■ WHAT TO DO ■
Beginning with the line containing "wrote on Instagram." and ending with the line containing "スイートホットガールスタイルスーツの V ネック長袖ボタンニットカーディガントップウエストスリムラップヒップスカート", write out each line of the records below exactly; pictures and lines outside that range are left out.

■ RECORDS FOR THE EXERCISE ■
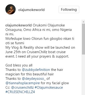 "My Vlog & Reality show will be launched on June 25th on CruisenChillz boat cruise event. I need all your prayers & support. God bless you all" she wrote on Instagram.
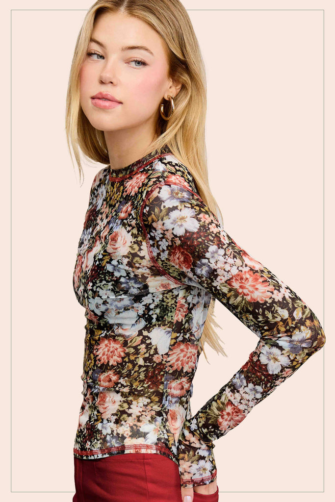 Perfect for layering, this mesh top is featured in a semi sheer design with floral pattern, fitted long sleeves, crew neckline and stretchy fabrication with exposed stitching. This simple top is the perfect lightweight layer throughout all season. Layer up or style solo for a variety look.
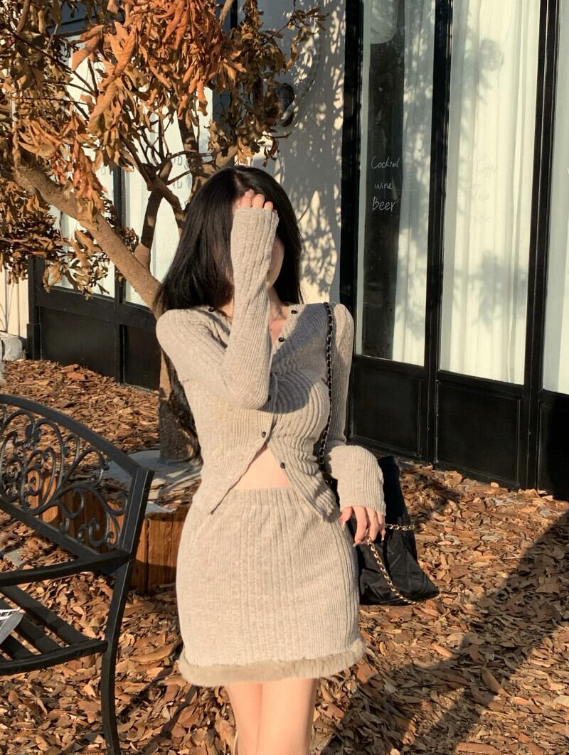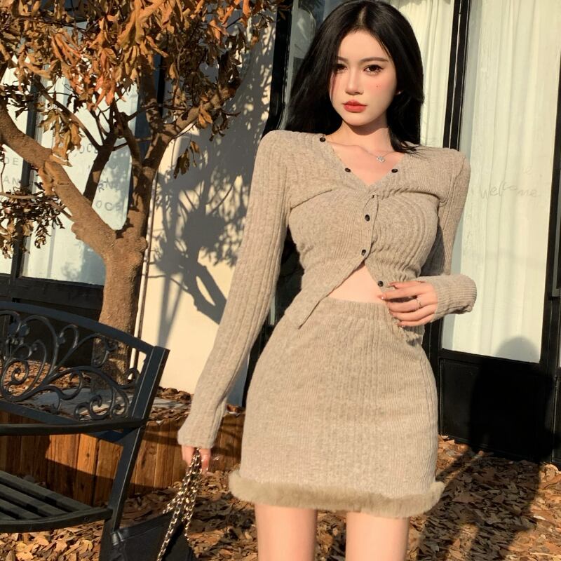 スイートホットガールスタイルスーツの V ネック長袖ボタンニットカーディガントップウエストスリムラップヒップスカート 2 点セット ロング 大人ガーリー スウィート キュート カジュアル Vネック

...

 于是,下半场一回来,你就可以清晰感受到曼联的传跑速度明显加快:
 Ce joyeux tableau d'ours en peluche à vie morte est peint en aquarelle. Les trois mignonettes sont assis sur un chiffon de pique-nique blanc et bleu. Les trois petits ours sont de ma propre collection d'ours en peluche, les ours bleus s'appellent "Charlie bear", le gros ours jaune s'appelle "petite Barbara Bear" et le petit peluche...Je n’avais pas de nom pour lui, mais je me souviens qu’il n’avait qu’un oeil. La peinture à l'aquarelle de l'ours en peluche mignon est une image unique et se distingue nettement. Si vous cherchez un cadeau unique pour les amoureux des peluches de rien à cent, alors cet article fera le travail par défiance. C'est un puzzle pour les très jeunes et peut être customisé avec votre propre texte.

■ ANSWER TO THIS TASK ■
 "My Vlog & Reality show will be launched on June 25th on CruisenChillz boat cruise event. I need all your prayers & support. God bless you all" she wrote on Instagram.
 Perfect for layering, this mesh top is featured in a semi sheer design with floral pattern, fitted long sleeves, crew neckline and stretchy fabrication with exposed stitching. This simple top is the perfect lightweight layer throughout all season. Layer up or style solo for a variety look.
 スイートホットガールスタイルスーツの V ネック長袖ボタンニットカーディガントップウエストスリムラップヒップスカート 2 点セット ロング 大人ガーリー スウィート キュート カジュアル Vネック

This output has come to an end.